Therapeutic options in the management of MB

In the absence of randomized clinical trials comparing optimal medical treatment versus percutaneous coronary intervention (PCI) with drug-eluting stents, medical therapy seems to be the treatment of choice for most of the patients with MB. First-line therapy involves pharmacological treatment with beta-blockers and calcium-channel blockers, while nitrates are contraindicated due to adverse increase in heart rate and myocardial hypercontractility from reflex sympathetic activation. On the other hand, in those patients with documented ischemia or infarction, PCI with drug-eluting stents may be indicated for those severely symptomatic patients who are refractory to optimized medical treatment and who are not surgical candidates. It was demonstrated that PCI with stent implantation may improve hemodynamic abnormalities and relieve clinical symptoms.³⁹ However, no studies have demonstrated yet normalization of myocardial perfusion defects after stent implantation. Moreover, there are certain concerns related to complications. It has been observed up to 6% of perforation during stent deployment.^40–42 There are some reported cases of stent related complications, fracture and stent thrombosis.^43–47 The percentage of in-stent restenosis is higher with bare-metal stents (up to 75% at 1 year) than with drug-eluting stents (up to 25% at 1year).^46,47

The available data suggest that surgical therapy appears to be safe, beneficial and effective (Figures 1 & 2). Surgery may be recommended in the very rare cases of severely symptomatic patients who are refractory to medical therapy, or when PCI has failed.^48,49 Non-pharmacological therapy, namely, surgical intervention and percutaneous coronary intervention should only be considered as a therapeutic option in patients with MB refractory to medical therapy and documented myocardial ischemia, with the expectation that revascularization rates will be high even with drug-eluting stents.

Figure 1 Snapshot of the preoperative coronary angiogram at systole showing compression of the proximal and mid-segments of the LAD. Reprinted with permission from Mok S, Majdalany D, Pettersson GB. Extensive unroofing of myocardial bridge: A case report and literature review. SAGE Open Medical Case Reports 2019;7:1-3.

Figure 2 Snapshot of the postoperative coronary angiogram showing resolution of any compression of the LAD. Reprinted with permission from Mok S, Majdalany D, Pettersson GB. Extensive unroofing of myocardial bridge: A case report and literature review. SAGE Open Medical Case Reports 2019;7:1-3.

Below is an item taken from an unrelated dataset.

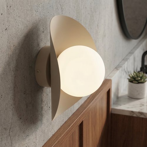 Kinkiet nowoczesny szklana kula Firo to oryginalna i bardzo modna lampa ścienna z białym kloszem i beżową podstawą. Jest to szklana lampa nowoczesna o minimalistycznej i eleganckiej formie. Beżowo-biały kinkiet nowoczesny kula pasuje do aranżacji nowoczesnych, jest to doskonała lampa ścienna w stylu loft, a także piękny kinkiet szklany do eleganckich salonów i pokoi. Designerski kinkiet biało-beżowy pasuje do pokoi hotelowych i do sypialni urządzonych w minimalistycznym stylu. Modny kształt tego oświetlenia wypływa z harmonii prostoty - połączenia mlecznobiałego szkła i prostej beżowej podstawy. Kinkiet biało-beżowy ma uniwersalną kolorystykę pasującą do różnych stylów aranżacji wnętrz.

Flow alterations and turbulent coronary blood flow due to the MB can develop accelerated atherosclerosis in the coronary segment immediately proximal to the bridged segment. Hemodynamic effects produced by the MB include systolic coronary flow reversal proximal to the bridge, as well as a decrease in coronary flow reserve. Ischemic-related clinical consequences range from symptoms of angina pectoris to acute coronary syndrome and sudden cardiac death. First-line therapy involves pharmacological treatment with beta- blockers and calcium-channel blockers, while nitrates are contraindicated due to adverse increase in heart rate and myocardial hypercontractility from reflex sympathetic activation. Non-pharmacological therapy, namely, surgical intervention and percutaneous coronary intervention with implantation of diluted stents should only be considered as a therapeutic option in patients with MB refractory to medical therapy and documented myocardial ischemia. A large, prospective randomized clinical trial is required to identify the best treatment strategy for patients with myocardial bridging.

None.

The authors declare that there are no conflicts of interest.

None.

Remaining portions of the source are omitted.